I’m the first to admit that 48 hours anywhere doesn’t make anyone an expert, and I was saying as much to Francisco and Sara. “I have a lot of questions,” I said to Sara. I talked for a bit about what we’d seen and heard in New Hampshire and Vermont, and the ideas I was beginning to formulate as a result. It seemed that there was an active, passionate “back to the land” movement. A divisiveness about alternative energy: the acknowledgment that it’s needed, but the worries that the most promising options–wind turbines–will also mar the landscape. There was a just barely noticeable tension among locals toward and about “outsiders.” “I don’t exactly know what I’m going to write,” I concluded.

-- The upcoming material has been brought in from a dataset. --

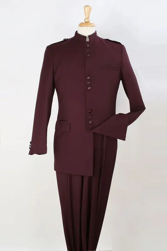 "Burgundy Men's Classic Military Mandarin Safari Suit - Banded Collar"
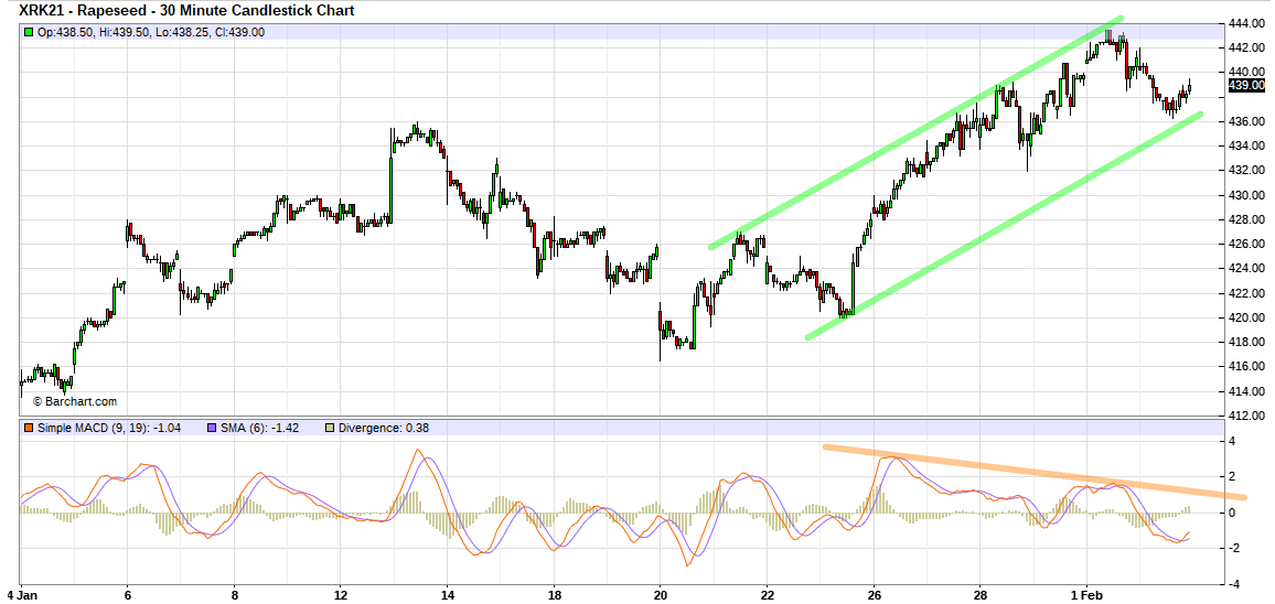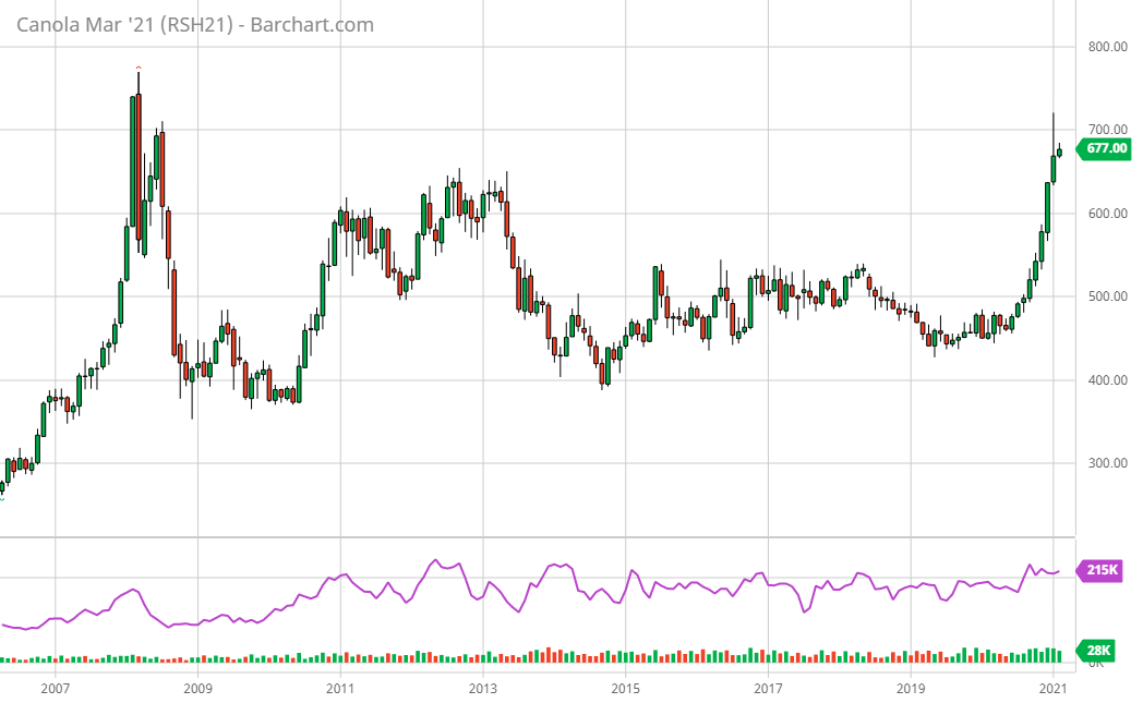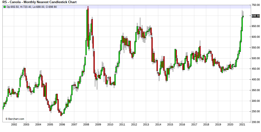 Le graphique de canola posté c’est du Barchart mensuel continu et la dernière bougie ils sont déjà sur l’échéance mai 21.

After coming home and mapping out some story ideas, I’m only slightly more clear about what I intend to write, and I’m acutely aware of how much I don’t know. Yes, I could (and should and have and will) do more desk research, but I’ve been left with a slightly uneasy feeling regarding writing about places we’ve just passed through.
My traveling style is to go long and to dive deep.
If you wanted to get into a pissing contest with me about how many countries or places we’ve visited, you’d probably win, and that’s just fine by me. For the most part, I’m not a whirlwind kind of traveler. I need to know what the name of the local newspaper is. What sounds characterize a place. How people live and what they think about, what they care about. I want to know what moves people in a place to action or holds them in inertia. I want to know how history influences the present, how people view their future. What subjects are kept secret, what stories don’t yet have voice.
It’s hard to get more than the most superficial handle on any of that in 48 hours and even the most thorough desk research will fail to convey all these things. There’s something about becoming a part of a community for a while that gives you a greater stake, that gives you access and understanding.
I’m aware of this in my own work, and I’m attuned to it now in other writers as well. Yes, there are different types–many different types–of travel writing, and not all of them require deep knowledge of a place. But there are, I think, very particular perils and problems when we write about places we’re only passing through, problems of power and privilege that must be examined.
As writers, our particular power is our audience– the readers who believe what we write and consider it to be the truth… not a version of the truth (or, in some egregious but not, sadly, uncommon cases, inaccurate or flat out wrong), but The Truth. We take them to places they can’t or won’t go, where they haven’t been, that they didn’t even know about. If there is an onus on the reader to be critical (and I believe there is), there is also an onus on the writer to be critical, too. That critical ability is conveyed, at least in part, by the acknowledgment that we are writing about a place that we were only passing through.
Such an acknowledgment does not take the form, necessarily, of an asterisk followed by the disclaimer: “I only spent 48 hours in this place,” though it might. But there are other subtle and important ways that we can convey that the conclusions to which we have come reflect our opinions, our impressions, our view as outsiders.
There is a certain privilege in writing, and in travel writing, I think that privilege is still more powerful and more profound. Just as we are taking readers where they haven’t been, we are telling stories of people who, in many cases, cannot do so themselves–maybe because they don’t have the platform, perhaps because they don’t have the interest, who knows? But there is a responsibility in carrying others’ stories, and even in a basic service or destination article, I don’t think we should ever overlook that responsibility.